Louis-Alexandre Berthier (1753 - 1815)
Le maréchal de l'ombre
Louis-Alexandre Berthier, prince de Neuchâtel et prince de Wagram, n'est pas le plus célèbre des maréchaux d'Empire. Homme de l'ombre, sans le panache d'un Lannes ou d'un Murat, cet officier d'état-major fut pourtant de presque toutes les batailles napoléoniennes où ses talents d'organisateur furent décisifs et contribuèrent aux succès des armées de Napoléon Ier.
De l'Amérique à l'Italie
Fils d'un lieutenant de l'armée royale, Berthier est né à Versailles le 20 novembre 1753. Dans la lignée de son père, il décide de rentrer dans le génie et intègre l'école royale de Mézières. D'une grande précocité, il en sort en 1766 et est nommé ingénieur géographe à tout juste treize ans !
Quelques années plus tard, en 1772, il devient lieutenant à la légion des Flandres, avant d'entrer quatre ans plus tard dans les dragons de Lorraine où il est nommé capitaine en 1777. La guerre d'indépendance américaine lui donne alors l'occasion de vivre sa première expérience de la guerre puisqu'il est nommé à l'état major de Rochambeau durant les trois dernières années de la guerre de 1780 à 1783.
La révolution va alors être pour lui, comme pour beaucoup de soldats, un formidable accélérateur de carrière. Cette même année, il est fait lieutenant-colonel puis major-général de la garde nationale par Lafayette qu'il a côtoyé en Amérique. Durant ces premières années révolutionnaires, en tant qu'officier de la garde nationale, il a un rôle ouvertement royaliste et facilite l'émigration de certains membres de la famille royale comme Madame Adélaïde, Madame Victoire ou le comte d'Artois. Cette attitude lui vaut d'être destitué par les nouvelles autorités républicaines après la chute de la monarchie en août 1792.

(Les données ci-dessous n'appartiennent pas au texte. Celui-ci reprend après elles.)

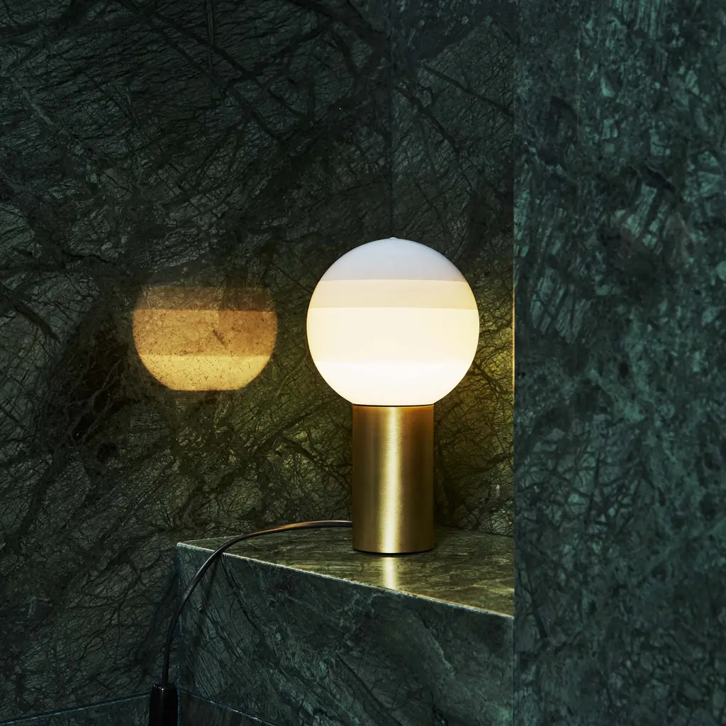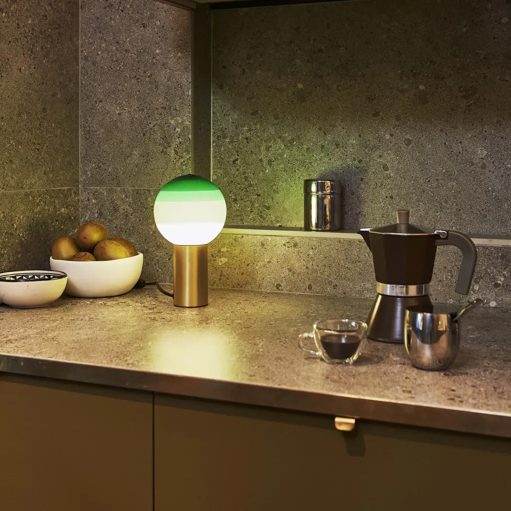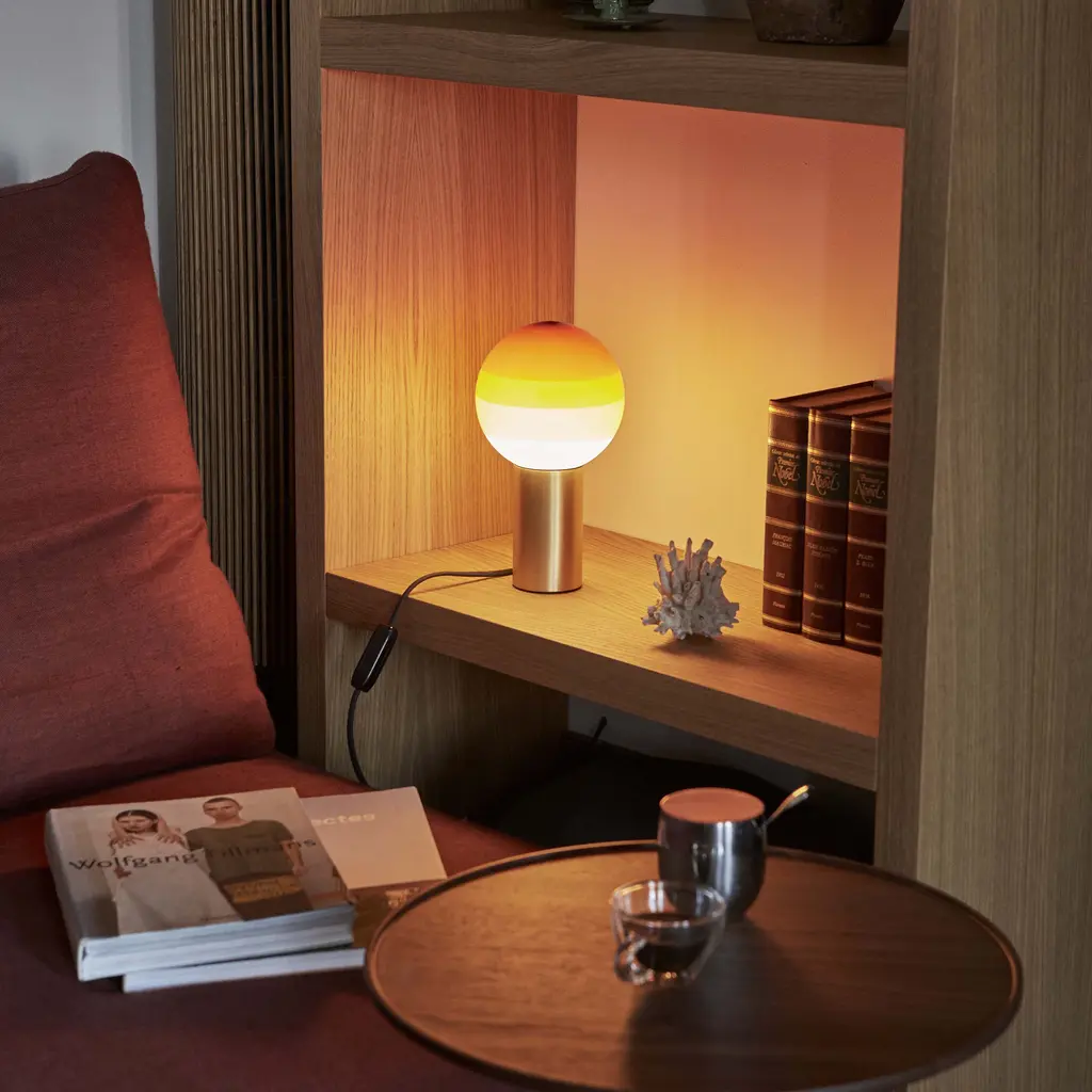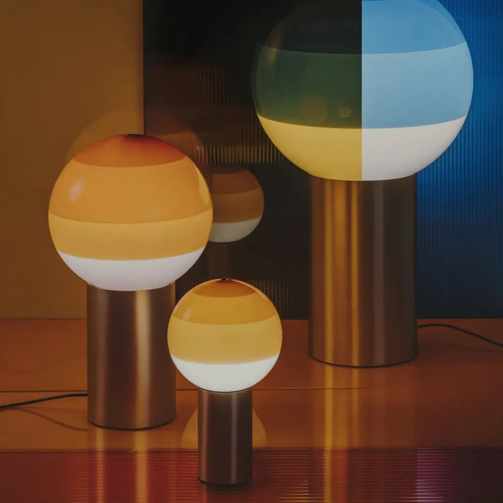 Part LED lamp, part decorative object, the Dipping Light Table Lamp from Marset stuns with handcrafted beauty. Concentric circles of paint on its blown-glass shade sift the light, creating a magical ambient effect when turned on. When off, the lamp serves as a unique statement piece with its multi-colored orb perfectly balanced atop a metallic base, ready for accenting a shelf or table. Highlights

Berthier devra alors attendre le Directoire pour être réintégré au sein de l'armée en 1795. Il est alors désigné comme général et chef d'état- major de l'armée d'Italie. L'année suivante, Bonaparte en prend le commandement. Berthier va alors sceller son destin à celui du futur Empereur
L'organisateur de la victoire
En tant que chef d'état-major, Berthier seconde efficacement Bonaparte et contribue activement aux victoires de la campagne d'Italie. Le futur empereur s'appuie ainsi sur son talent d'organisateur et de coordinateur afin de mettre en place ses décisions stratégiques et de faire appliquer ses ordres.

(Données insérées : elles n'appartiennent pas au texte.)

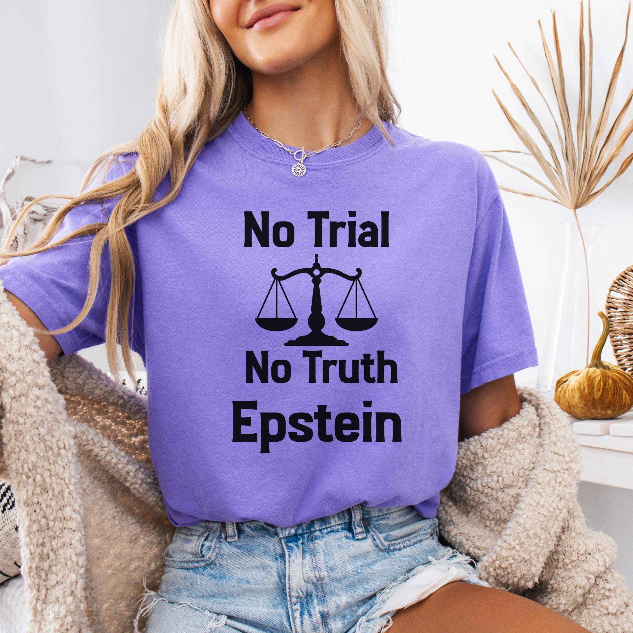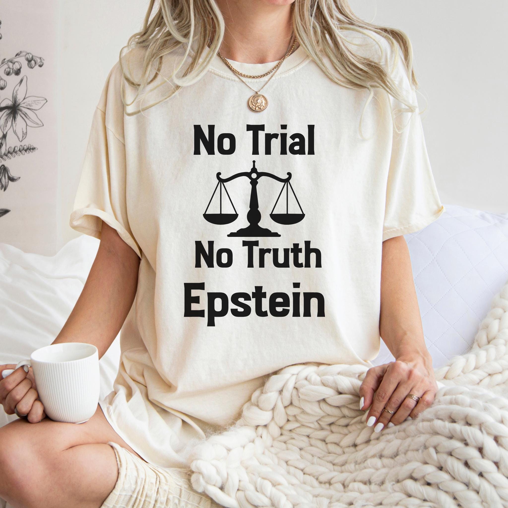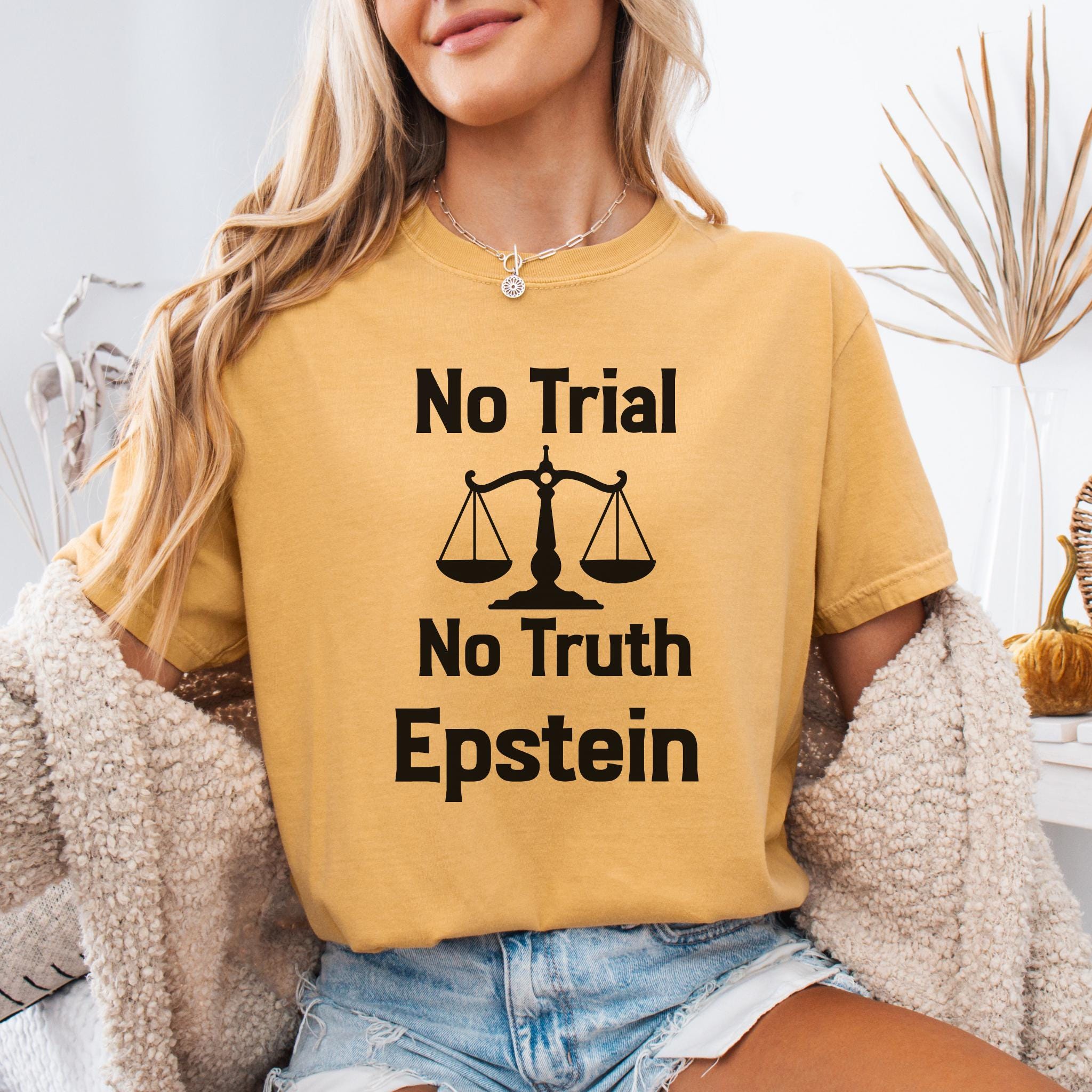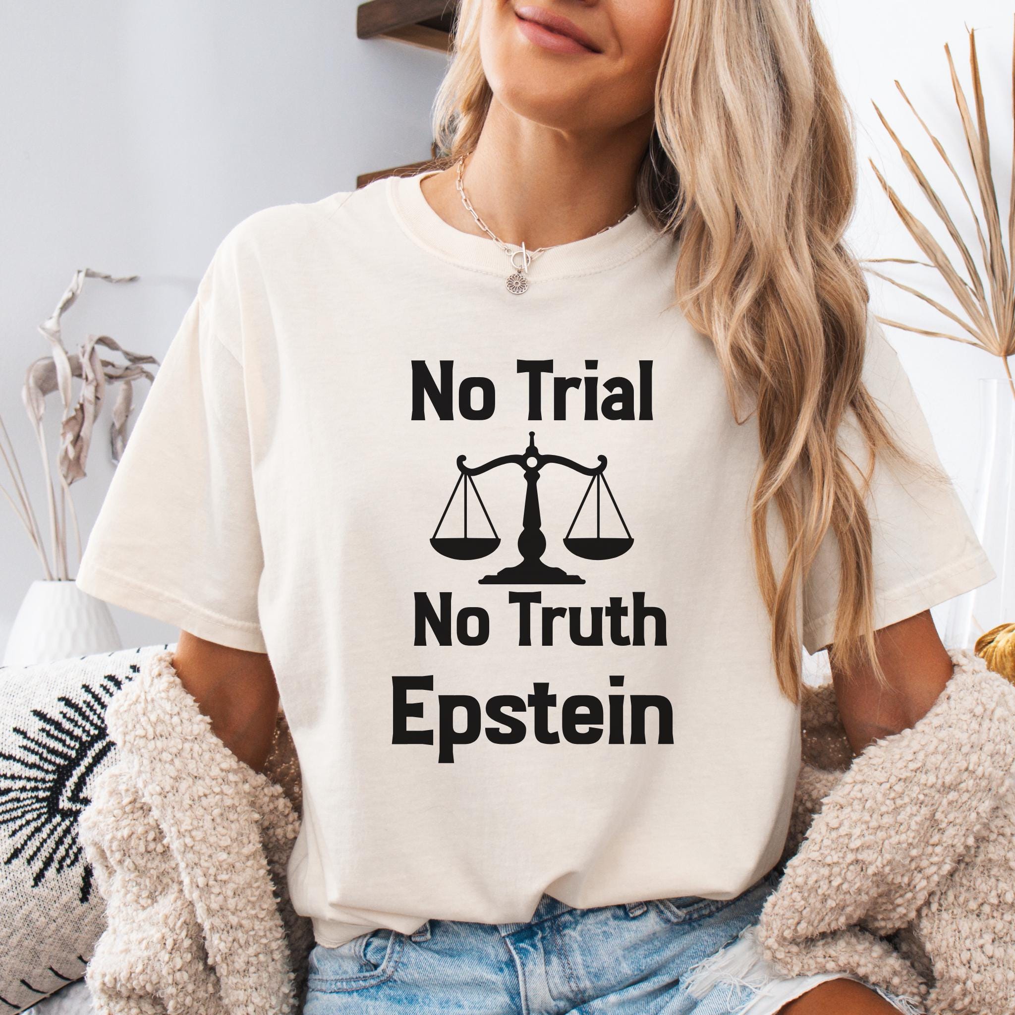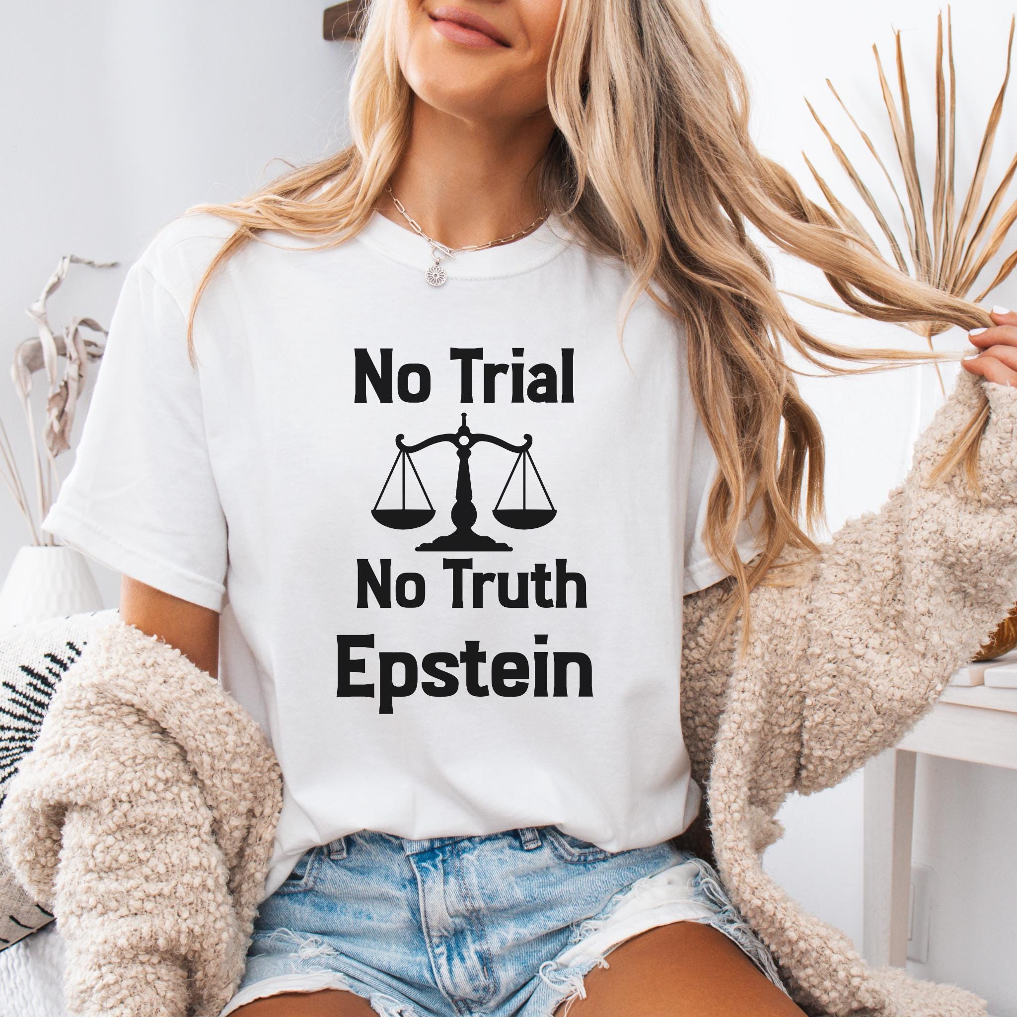 This No Trial No Truth protest Epstein t-shirt is a bold statement piece designed to raise awareness about justice, accountability, and transparency. Featuring a powerful balance scale graphic, this design reflects public frustration with systems that fail to deliver truth and accountability.

Berthier n'est toutefois pas seulement un officier d'état-major, il sait également s'engager sur le terrain et commander efficacement les troupes au cœur du combat quand cela est nécessaire. Après la bataille de Lodi, Bonaparte envoie une lettre au Directoire et souligne son attitude courageuse :
«Si j'étais tenu de nommer tous les militaires qui se sont distingués dans cette journée extraordinaire, je serais obligé de nommer tous les carabiniers et grenadiers de l'avant-garde et presque tous les officiers de l'état-major : mais je ne dois pas oublier l'intrépide Berthier qui a été dans cette journée canonnier, cavalier et grenadier.»Bonaparte ne peut plus se passer de cet officier qu'il emmène avec lui en Égypte. Toujours indispensable, il jouera également un rôle actif dans le coup d'état du 18 brumaire. En raison de ses talents d'organisateur et d'administrateur, le nouveau Premier Consul le nomme ministre de la guerre en novembre 1799 (il le sera jusqu'en 1807). Il excelle dans cette tâche, en s'occupant de réorganiser les armées, le ravitaillement et en modernisant le génie et l'artillerie. Berthier sera un des grands artisans de la domination militaire de la France sur le reste de l'Europe.

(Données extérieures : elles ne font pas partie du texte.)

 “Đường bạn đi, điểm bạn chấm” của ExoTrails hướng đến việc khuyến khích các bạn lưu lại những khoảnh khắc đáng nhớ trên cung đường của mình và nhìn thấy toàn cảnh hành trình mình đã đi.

Un homme aux talents multiples
Lors de la proclamation de l'Empire en 1804, il est fait maréchal et sera abondamment récompensé de son travail et de son total dévouement à Napoléon. En 1806, il est fait prince de Neufchâtel, puis prince de Wagram en 1809. Le château de Chambord lui est même offert en dotation ainsi qu'une rente annuelle d'un million de francs.
Le maréchal participe activement à toutes les grandes victoires de l'Empire. Il est l'homme de l'ombre de l'épopée napoléonienne. S'il ne se couvre pas de gloire comme d'autres maréchaux ou généraux, sa présence est la plupart du temps essentielle aux succès de la Grande Armée. Sa grande compétence sera reconnue par Napoléon lors de son exil à Saint Hélène :
«Il expédiait... tous les ordres et les différents détails particuliers avec une régularité, une précision et une promptitude admirables... ; c'est un travail pour lequel il était toujours prêt et infatigable. Voilà quel était le mérite spécial de Berthier; il était un des plus grands et des plus précieux pour moi, observait l'Empereur; nul autre n'eut pu le remplacer».
À ces talents militaires et administratifs, s'ajoutent également des talents diplomatiques. Napoléon y fera parfois appel. En 1800, il est ainsi envoyé en négociation auprès du roi d'Espagne et, en 1810, il représentera Napoléon lors de sa demande en mariage de l'archiduchesse Marie-Louise d'Autriche.
Fidèle à l'empereur jusqu'à la défaite de 1814, le maréchal se met ensuite au service de Louis XVIII quelques jours après l'abdication. Il demande à Napoléon l'autorisation de rejoindre Paris. L'empereur déclare à ce moment :
«Il ne reviendra pas». L'avenir lui donne raison : Berthier a définitivement changé de camp.
Le retour de Napoléon de l'île d'Elbe en 1815 ne le fera pas se déjuger et revenir sur son serment de fidélité au roi. Berthier décide même d'accompagner Louis XVIII dans sa fuite. Or, durant cet exil, il meurt mystérieusement défenestré le 1er juin 1815. Suicide, meurtre ou accident ? L'opacité autour de sa mort reste entière. Celle-ci se produit seulement quelques jours avant Waterloo où son absence s'est fait tragiquement ressentir. L'Empire s'éteint dans le sang seulement dix-sept jours après la disparition d'un de ses plus grands défenseurs.